Il désignait un fauteuil d’un index impérieux, on s’asseyait, et il racontait. C’est qu’il en avait à dire, Michel Rocard. Parfois son regard se perdait dans le lointain, un silence n’avait pas le temps de s’installer, aussitôt brisé par l’allumage d’une gauloise qui l’aidait à se souvenir. Et le récit reprenait. Qu’il évoque avec un grand luxe de détails la naissance de la social-démocratie, l’aventure des pôles – qu’il poursuivait par une évocation de la guerre froide – ou les faiblesses crasses de notre culture économique, celui qu’on appelait Tintin dans notre jeunesse nous enveloppait dans une histoire à tiroirs dont il tirait un fil puis un autre et encore un autre, à la manière d’un magicien à la manche emplie de colombes. Les siennes n’étaient pas blanches comme neige. Elles portaient les marques de ses combats. 

S’il parlait peu de sa relation avec Mitterrand – il refusait d’être réduit à ce duel souvent cruel –, il était intarissable sur l’Histoire avec un grand H. L’Histoire qui avait décidé du destin français. Alors renaissaient sous nos yeux les héros de la Révolution, les bâtisseurs, les commerçants du Moyen Âge, les navigateurs, les visionnaires d’ici et d’ailleurs, les protestants champions du capitalisme social. Il n’avait pas son pareil pour brosser de grandes fresques ornées d’économie, de littérature ou de philosophie, comme pour mieux éviter les commentaires vains de l’actualité politique. Pour autant, il n’était guère éloigné du monde d’aujourd’hui. Modestement, sans hausser le ton, il voyait ses idées gagner la gauche, même si c’était dans la douleur. Comme si la marche ratée de l’Élysée pour l’ancien chantre de l’autogestion avait fait perdre une génération à la social-démocratie à la française. 

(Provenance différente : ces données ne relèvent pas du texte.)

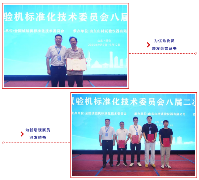 2025 9 9 日至 12 日,全國試驗機標準化技術委員會(SAC/TC122,以下簡稱 “試標委”)八屆二次會議暨標準審查會在山東省煙臺市成功舉辦。本次會議匯聚行業力量、共話標準發展,來自全國 104 家生產企業、科研院所、大專院校和檢測認證機構的 118 名領導、委員、專家代表、觀察員、顧問、標準起草組成員和相關單位代表參會,共同為試驗機領域標準化建設注入新動能。會議由試標委主辦,山東山材試驗儀器有限公司承辦,濟南鑫光試驗機制造有限公司協辦,試標委秘書長姚丙南與任霞共同主持。
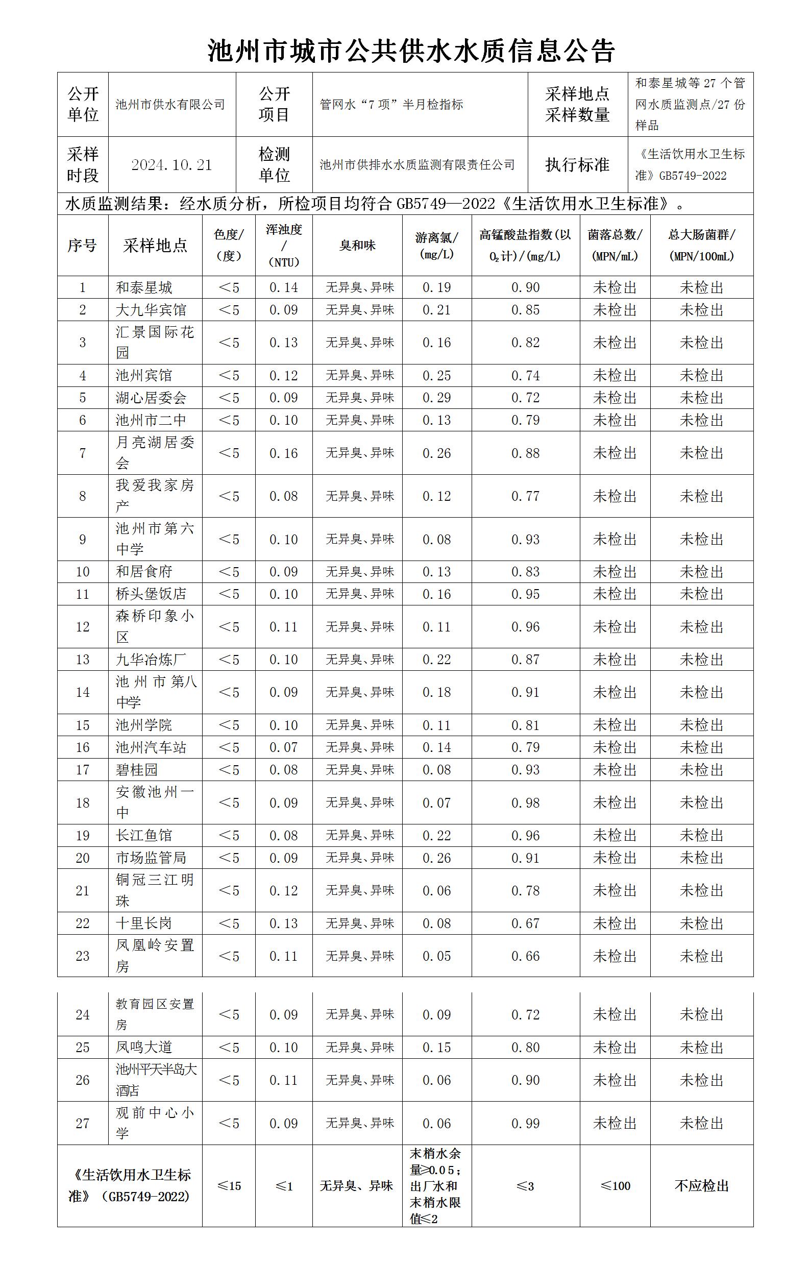 | 池州市城市公共供水水質(zhì)信息公告管網(wǎng)水“7項(xiàng)”半月檢指標(biāo)10-2 | |

Rocard le disait sans détour. Il était pour le marché, seul producteur efficace de richesse. Mais puisque le marché ne savait pas se réguler, il prônait toutes les régulations nécessaires pour en corriger les excès et les impasses dans le sens du bien commun. Ses idées n’étaient pas toujours partagées par les siens, comme celle d’une réduction massive du temps de travail. Mais il était un inlassable défricheur d’idées qu’il aimait puiser loin des cercles de pensée convenus. L’homme qui fut notre ami en même temps qu’un perpétuel inspirateur était un être d’une liberté farouche et tranquille à la fois, un homme de parole qui donnait envie d’agir.